(Data records)
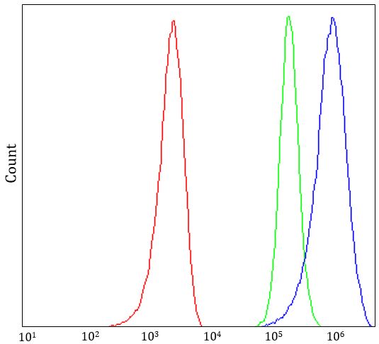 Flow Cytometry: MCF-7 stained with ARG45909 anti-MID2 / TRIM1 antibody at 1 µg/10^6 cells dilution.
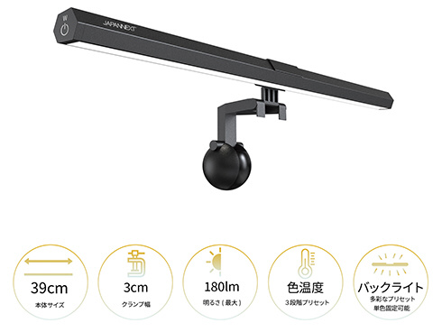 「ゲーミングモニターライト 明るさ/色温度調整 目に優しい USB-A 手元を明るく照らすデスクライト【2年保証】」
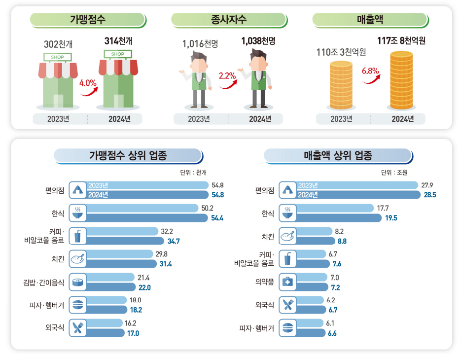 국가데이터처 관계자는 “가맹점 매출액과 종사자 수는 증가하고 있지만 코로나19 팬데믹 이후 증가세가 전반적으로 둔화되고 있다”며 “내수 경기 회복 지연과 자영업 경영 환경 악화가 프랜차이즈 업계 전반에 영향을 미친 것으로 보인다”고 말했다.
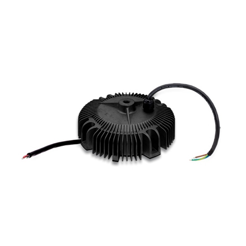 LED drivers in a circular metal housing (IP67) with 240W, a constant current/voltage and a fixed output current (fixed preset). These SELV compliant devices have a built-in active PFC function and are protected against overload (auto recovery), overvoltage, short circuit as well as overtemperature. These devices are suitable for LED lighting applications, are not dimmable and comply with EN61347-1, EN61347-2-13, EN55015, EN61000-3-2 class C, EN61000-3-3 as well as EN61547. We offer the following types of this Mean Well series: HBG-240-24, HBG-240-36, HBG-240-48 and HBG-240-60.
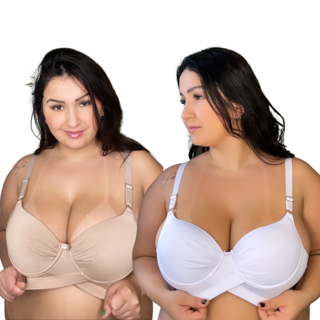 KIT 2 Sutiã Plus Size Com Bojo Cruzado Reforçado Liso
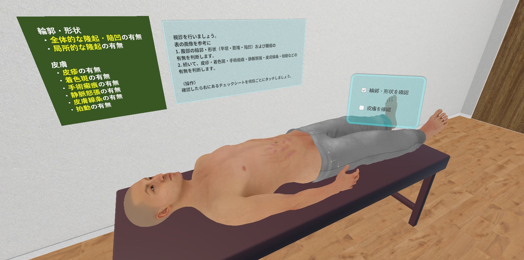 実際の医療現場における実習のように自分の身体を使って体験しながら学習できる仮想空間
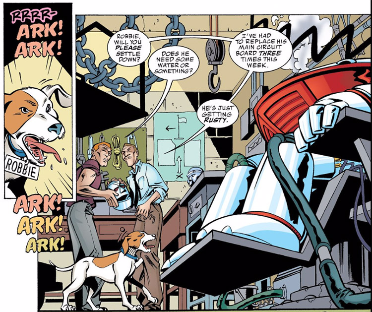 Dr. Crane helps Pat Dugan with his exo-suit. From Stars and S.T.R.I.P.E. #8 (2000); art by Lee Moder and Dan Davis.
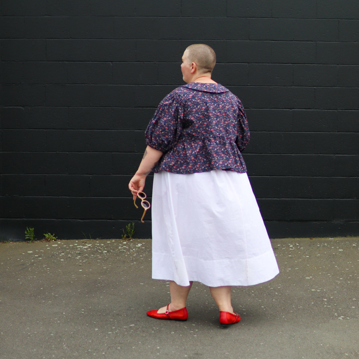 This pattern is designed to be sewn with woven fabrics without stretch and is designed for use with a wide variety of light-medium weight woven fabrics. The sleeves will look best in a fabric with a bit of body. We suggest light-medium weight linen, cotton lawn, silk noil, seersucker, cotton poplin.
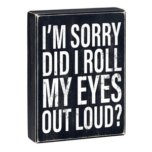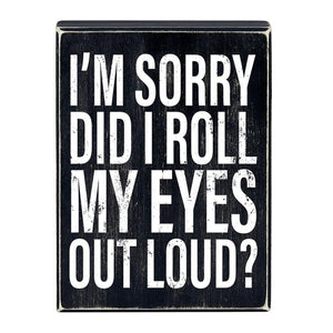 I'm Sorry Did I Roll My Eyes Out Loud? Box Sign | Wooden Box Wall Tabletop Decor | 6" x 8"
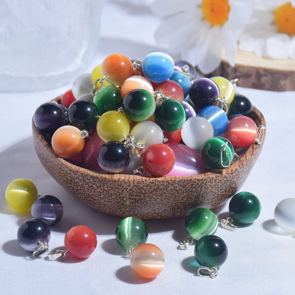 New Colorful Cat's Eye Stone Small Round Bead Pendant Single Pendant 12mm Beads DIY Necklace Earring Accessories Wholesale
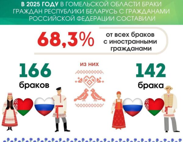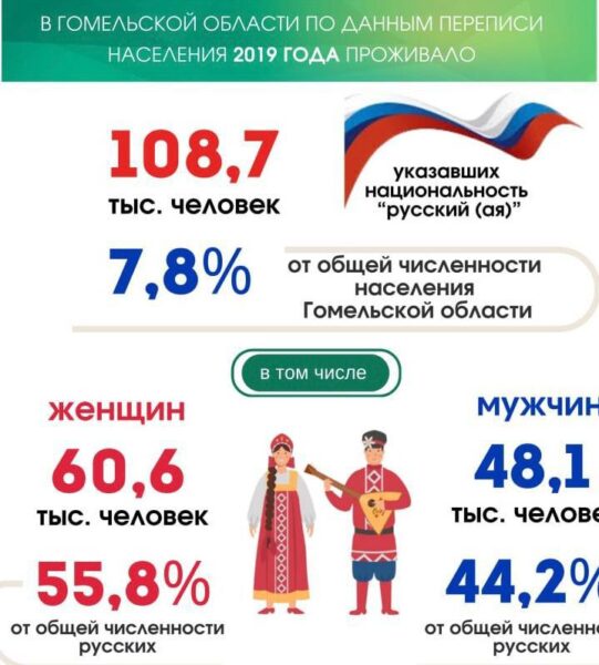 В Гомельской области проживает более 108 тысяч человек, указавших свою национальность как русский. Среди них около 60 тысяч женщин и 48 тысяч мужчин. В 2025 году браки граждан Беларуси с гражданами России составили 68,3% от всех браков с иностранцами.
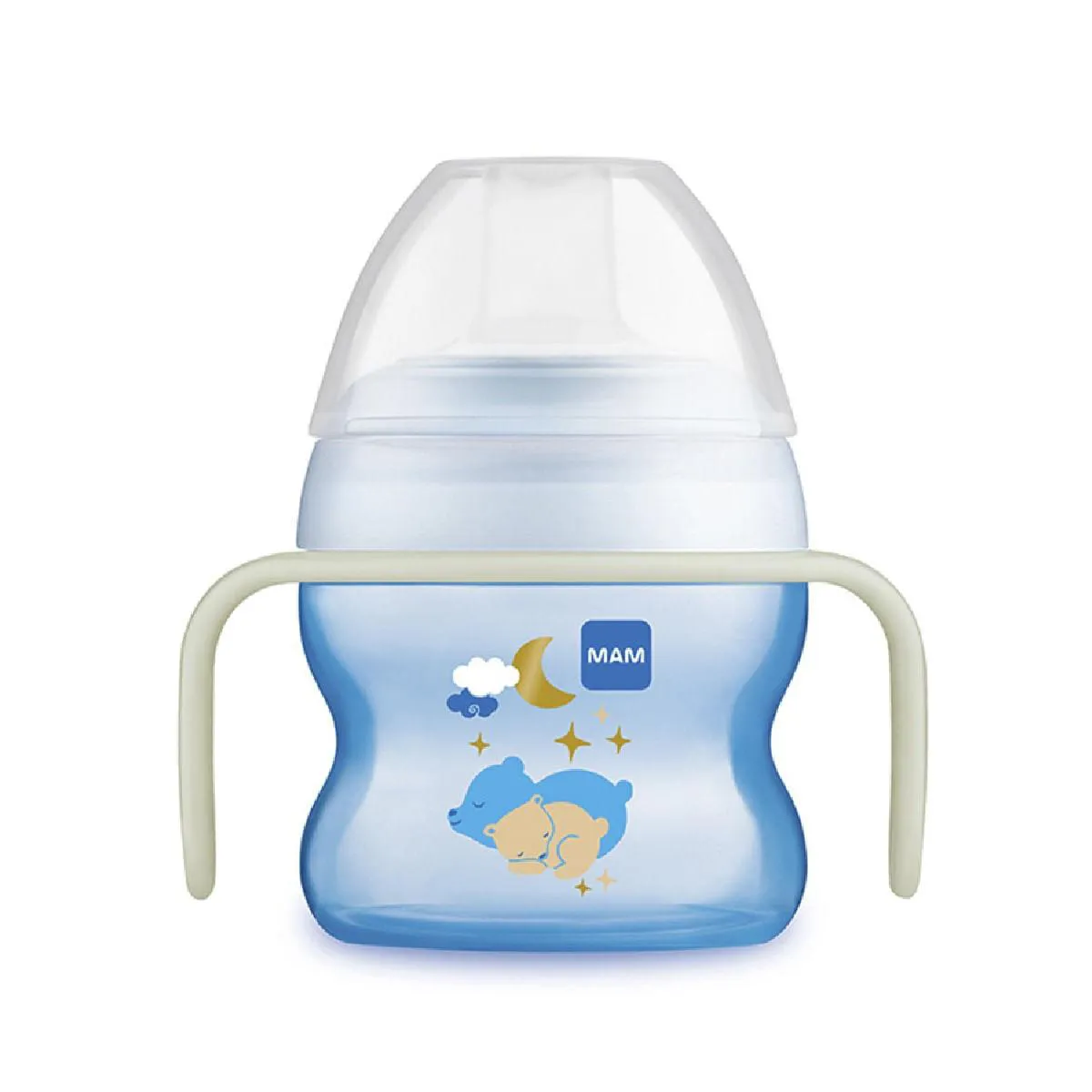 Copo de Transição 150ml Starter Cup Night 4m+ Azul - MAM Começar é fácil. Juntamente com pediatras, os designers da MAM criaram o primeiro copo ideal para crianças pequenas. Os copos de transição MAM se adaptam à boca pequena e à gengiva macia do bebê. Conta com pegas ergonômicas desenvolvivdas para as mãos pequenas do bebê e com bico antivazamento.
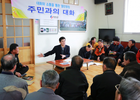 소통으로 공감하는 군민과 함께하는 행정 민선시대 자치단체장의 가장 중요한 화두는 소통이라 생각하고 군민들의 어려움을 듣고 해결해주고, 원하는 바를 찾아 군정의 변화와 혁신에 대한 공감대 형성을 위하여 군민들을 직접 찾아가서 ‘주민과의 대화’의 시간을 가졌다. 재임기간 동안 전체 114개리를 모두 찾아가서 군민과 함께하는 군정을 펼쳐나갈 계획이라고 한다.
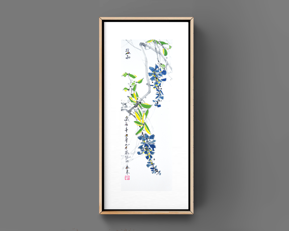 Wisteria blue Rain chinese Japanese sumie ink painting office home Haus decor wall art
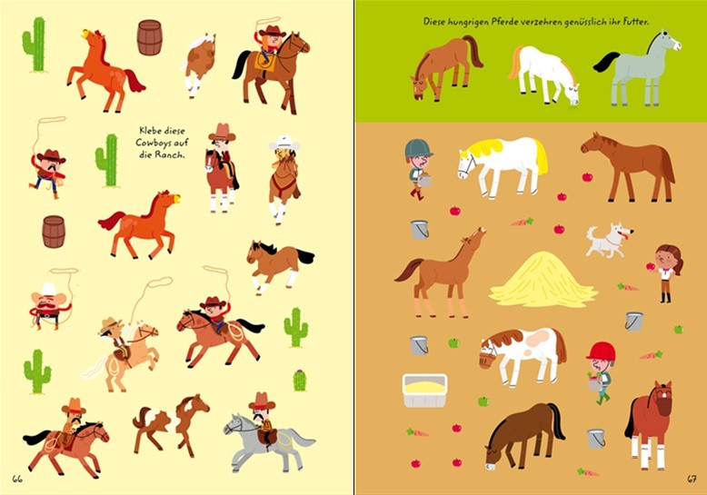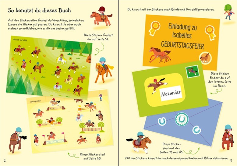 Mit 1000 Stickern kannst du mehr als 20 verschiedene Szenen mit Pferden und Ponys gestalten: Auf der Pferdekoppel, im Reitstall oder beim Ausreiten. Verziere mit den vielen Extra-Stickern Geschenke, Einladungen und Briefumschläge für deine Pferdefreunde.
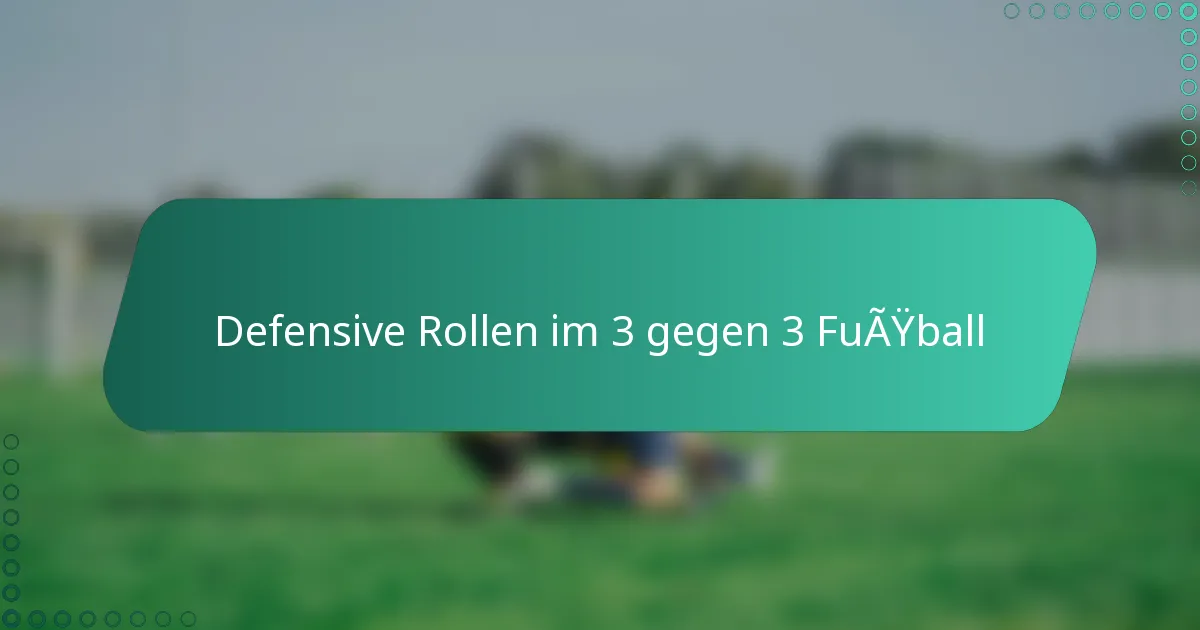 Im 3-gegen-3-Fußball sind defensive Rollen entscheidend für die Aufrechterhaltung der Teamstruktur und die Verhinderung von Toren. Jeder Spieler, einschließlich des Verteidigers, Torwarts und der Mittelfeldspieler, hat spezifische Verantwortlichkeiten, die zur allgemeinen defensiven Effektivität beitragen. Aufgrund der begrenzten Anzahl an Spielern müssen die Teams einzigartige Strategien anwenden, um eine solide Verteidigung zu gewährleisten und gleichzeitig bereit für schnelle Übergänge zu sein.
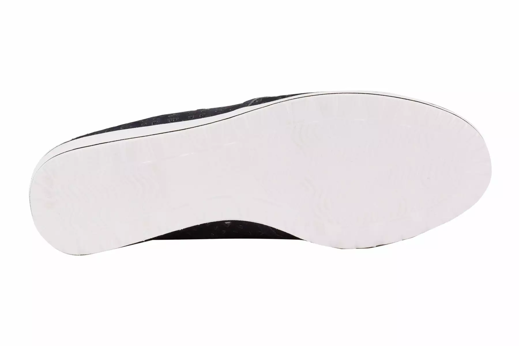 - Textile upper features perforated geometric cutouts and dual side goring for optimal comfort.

## REQUIRED ACTION
Above are the records. Copy only the lines from the one with "В Гомельской области" through the one with "Mit 1000 Stickern", exactly, with no pictures.

## RESPONSE BOX
 В Гомельской области проживает более 108 тысяч человек, указавших свою национальность как русский. Среди них около 60 тысяч женщин и 48 тысяч мужчин. В 2025 году браки граждан Беларуси с гражданами России составили 68,3% от всех браков с иностранцами.
 Copo de Transição 150ml Starter Cup Night 4m+ Azul - MAM Começar é fácil. Juntamente com pediatras, os designers da MAM criaram o primeiro copo ideal para crianças pequenas. Os copos de transição MAM se adaptam à boca pequena e à gengiva macia do bebê. Conta com pegas ergonômicas desenvolvivdas para as mãos pequenas do bebê e com bico antivazamento.
 소통으로 공감하는 군민과 함께하는 행정 민선시대 자치단체장의 가장 중요한 화두는 소통이라 생각하고 군민들의 어려움을 듣고 해결해주고, 원하는 바를 찾아 군정의 변화와 혁신에 대한 공감대 형성을 위하여 군민들을 직접 찾아가서 ‘주민과의 대화’의 시간을 가졌다. 재임기간 동안 전체 114개리를 모두 찾아가서 군민과 함께하는 군정을 펼쳐나갈 계획이라고 한다.
 Wisteria blue Rain chinese Japanese sumie ink painting office home Haus decor wall art
 Mit 1000 Stickern kannst du mehr als 20 verschiedene Szenen mit Pferden und Ponys gestalten: Auf der Pferdekoppel, im Reitstall oder beim Ausreiten. Verziere mit den vielen Extra-Stickern Geschenke, Einladungen und Briefumschläge für deine Pferdefreunde.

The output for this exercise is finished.